> _WORK TO COMPLETE_: Pictures are not repeated. Every line from the beginning of the entries through the one with "H03-0418盆栽植物吊篮藤蔓吊灯阳光房鹅卵石 3d模型下载 [模型ID:37229]" is restated exactly.

Data records:
· · · ·

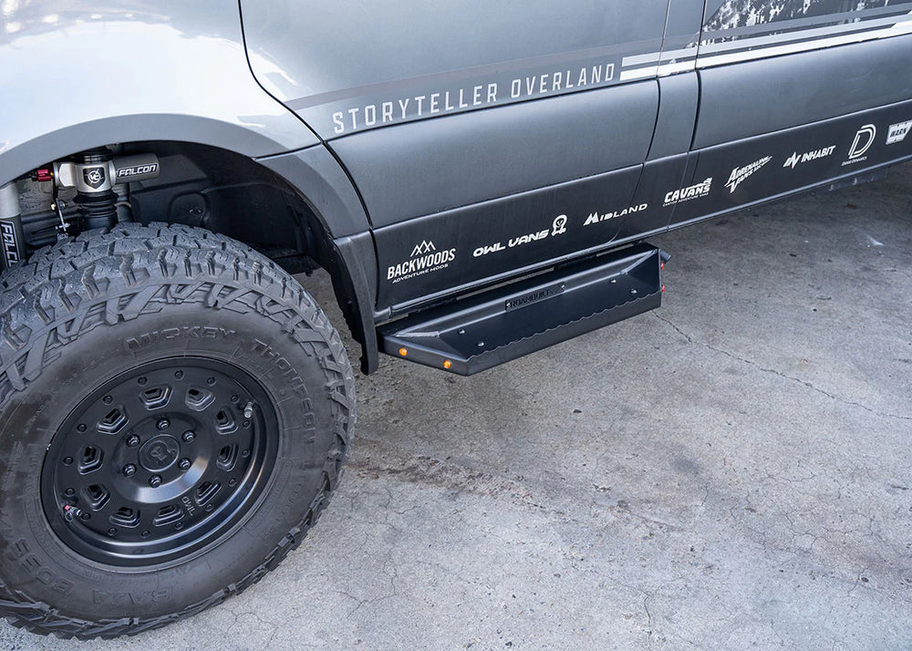 Upgrade your Mercedes Sprinter or Ford Transit with PAD Overland’s Short/Flat Side Steps—engineered for everyday comfort and off-road durability. Crafted from lightweight, rust-proof aluminum with a rugged black textured powder coat, these steps deliver stable, secure footing while complementing your van’s clean exterior lines.
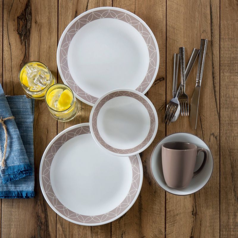 Warm color and sleek, interlacing arcs give this dinnerware set a modern accent. In a sophisticated mix of modern design and welcoming warmth, this dinnerware set features a lattice of intertwining arcs and softly muted shades of taupe. The neutral palette and dynamic motif make an effortless style statement for dining and entertaining
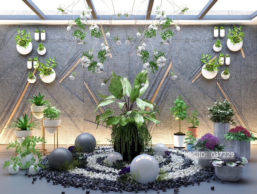 H03-0418盆栽植物吊篮藤蔓吊灯阳光房鹅卵石 3d模型下载 [模型ID:37229]
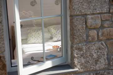 Brimming with character and style this gorgeous open plan retreat has everything you need for a relaxing stay, with a roaring wood-burning stove to make things super-cosy on those chillier evenings, and a comfy double bed at the far end of the room. You will also find a delightful little dining-area and kitchenette for those who want to cook up a breakfast or a light supper. In the daytime you can sit and dream at the table gazing out the window as you linger over your morning cuppa. A single step takes you into the deceptively spacious shower-room, complete with a large shower cubicle, a must for washing sandy toes and salty hair. Outside the cottage has a glorious south-facing decked area with a table and two chairs perfect for a spot of al fresco dining.
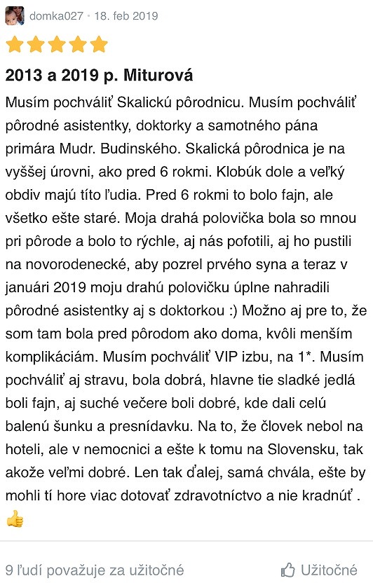 - Odporúčate túto pôrodnicu ostatným budúcim mamičkám?
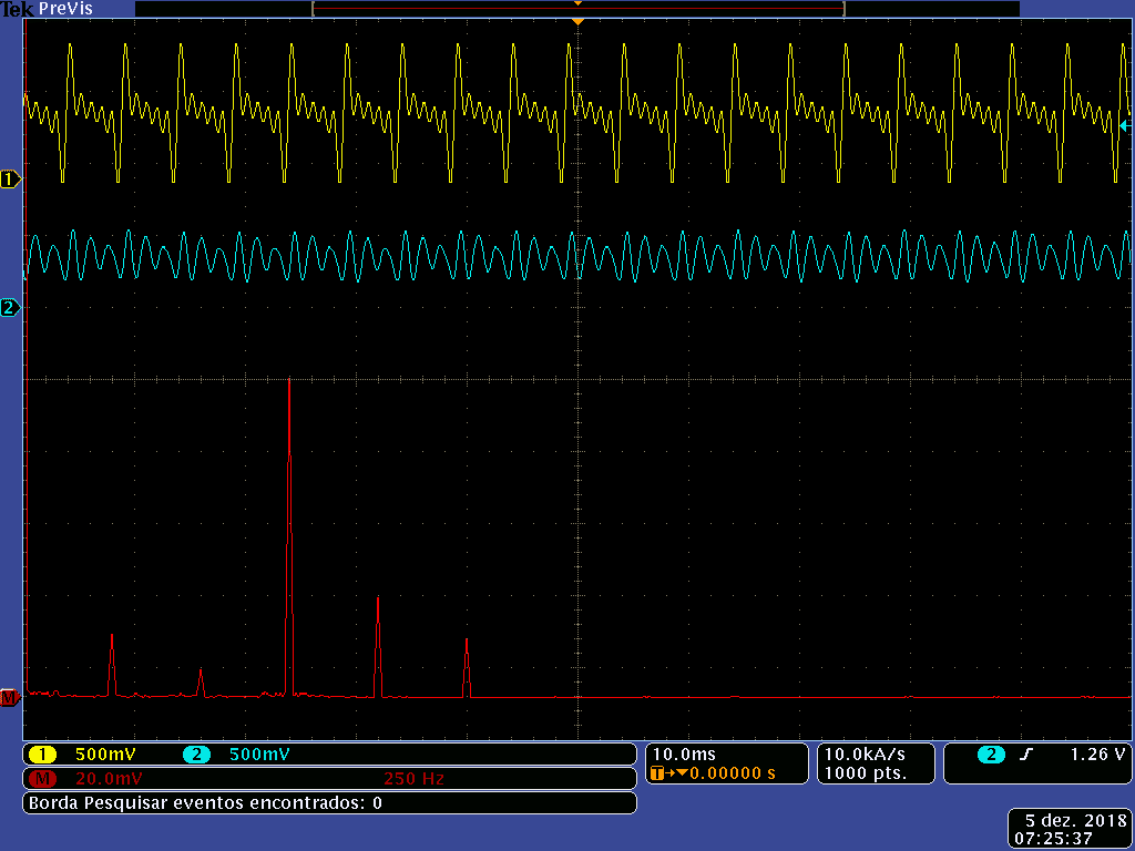Como a frequência de corte deste filtro está em 500hz, as componentes de frequência igual a 200 e 400hz tiveram suas amplitudes atenuadas significativamente como pôde ser observado. As componentes de 600, 800 e 1000hz também sofreram atenuação, mas não tão significante. Pode ser observado também que o nível DC manteve-se, como esperado ao somar à função de transferência do filtro passa-altas, um filtro passa-baixas.

· · · ·

> _THE ANSWER_:
 Upgrade your Mercedes Sprinter or Ford Transit with PAD Overland’s Short/Flat Side Steps—engineered for everyday comfort and off-road durability. Crafted from lightweight, rust-proof aluminum with a rugged black textured powder coat, these steps deliver stable, secure footing while complementing your van’s clean exterior lines.
 Warm color and sleek, interlacing arcs give this dinnerware set a modern accent. In a sophisticated mix of modern design and welcoming warmth, this dinnerware set features a lattice of intertwining arcs and softly muted shades of taupe. The neutral palette and dynamic motif make an effortless style statement for dining and entertaining
 H03-0418盆栽植物吊篮藤蔓吊灯阳光房鹅卵石 3d模型下载 [模型ID:37229]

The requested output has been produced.